-- SUPPLIED MATERIAL follows --
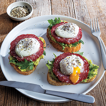 - Toast bread; spread with avocado mixture. Top with arugula, salami and poached eggs; sprinkle with seed mixture.
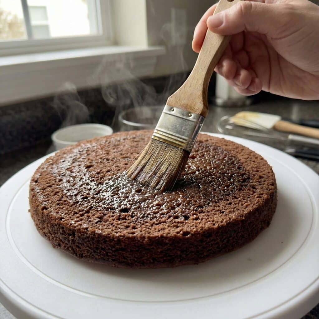 - Make the Soak: While cakes cool, whisk together the soak ingredients (boiling water, espresso powder, cocoa, sugar) in a small bowl until dissolved. Let cool slightly.
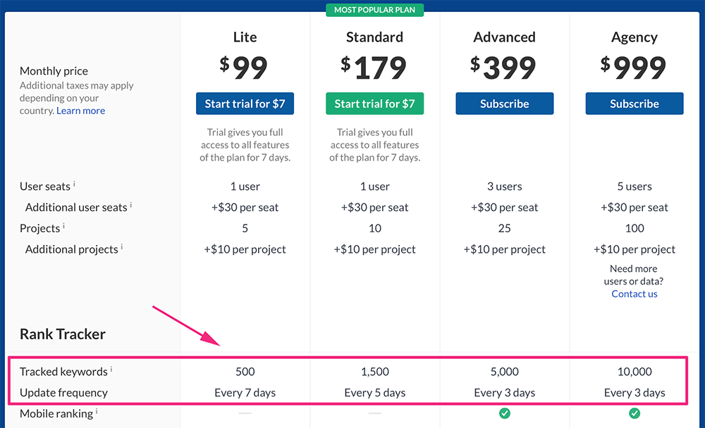Verdict: Both tools offer very similar pricing. But if you’re someone who doesn’t want to spend a dime to test the tool, then SEMrush is a great choice for you.
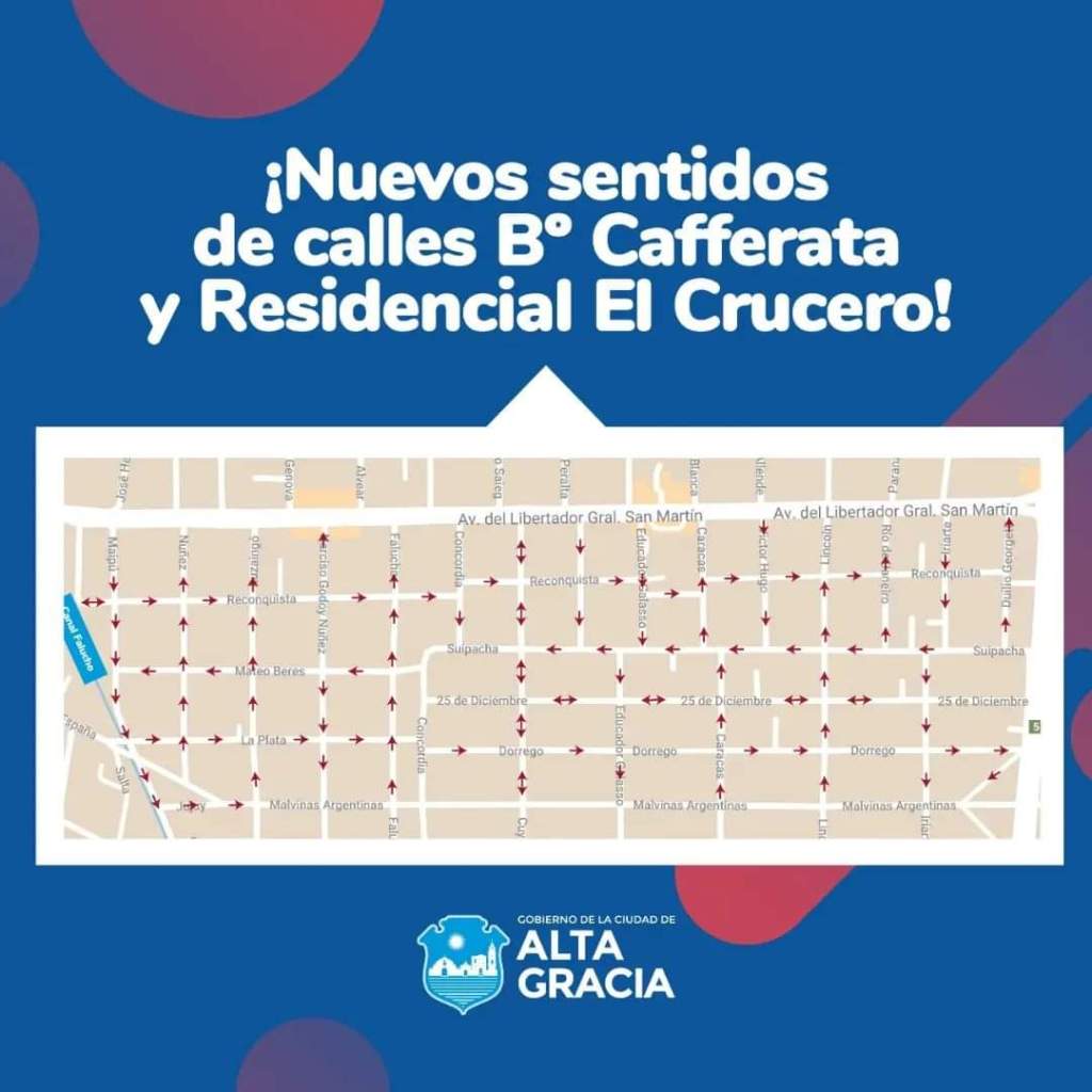 A través de la Ordenanza N° 11967, sancionada el 20 de octubre pasado en el Concejo Deliberante, el Municipio de Alta Gracia, y puntualmente la Secretaría General, ya reglamentó y puso en vigencia el cambio de sentido de distintas calles de Barrio Cafferata, como así también del contiguo El Crucero, e incluso un pequeño sector de San Martín.
-- SUPPLIED MATERIAL concluded --
ACTIVITY: Reprint all the data above verbatim, excluding pictures.

ANSWER TO THE EXERCISE:
 - Toast bread; spread with avocado mixture. Top with arugula, salami and poached eggs; sprinkle with seed mixture.
 - Make the Soak: While cakes cool, whisk together the soak ingredients (boiling water, espresso powder, cocoa, sugar) in a small bowl until dissolved. Let cool slightly.
Verdict: Both tools offer very similar pricing. But if you’re someone who doesn’t want to spend a dime to test the tool, then SEMrush is a great choice for you.
 A través de la Ordenanza N° 11967, sancionada el 20 de octubre pasado en el Concejo Deliberante, el Municipio de Alta Gracia, y puntualmente la Secretaría General, ya reglamentó y puso en vigencia el cambio de sentido de distintas calles de Barrio Cafferata, como así también del contiguo El Crucero, e incluso un pequeño sector de San Martín.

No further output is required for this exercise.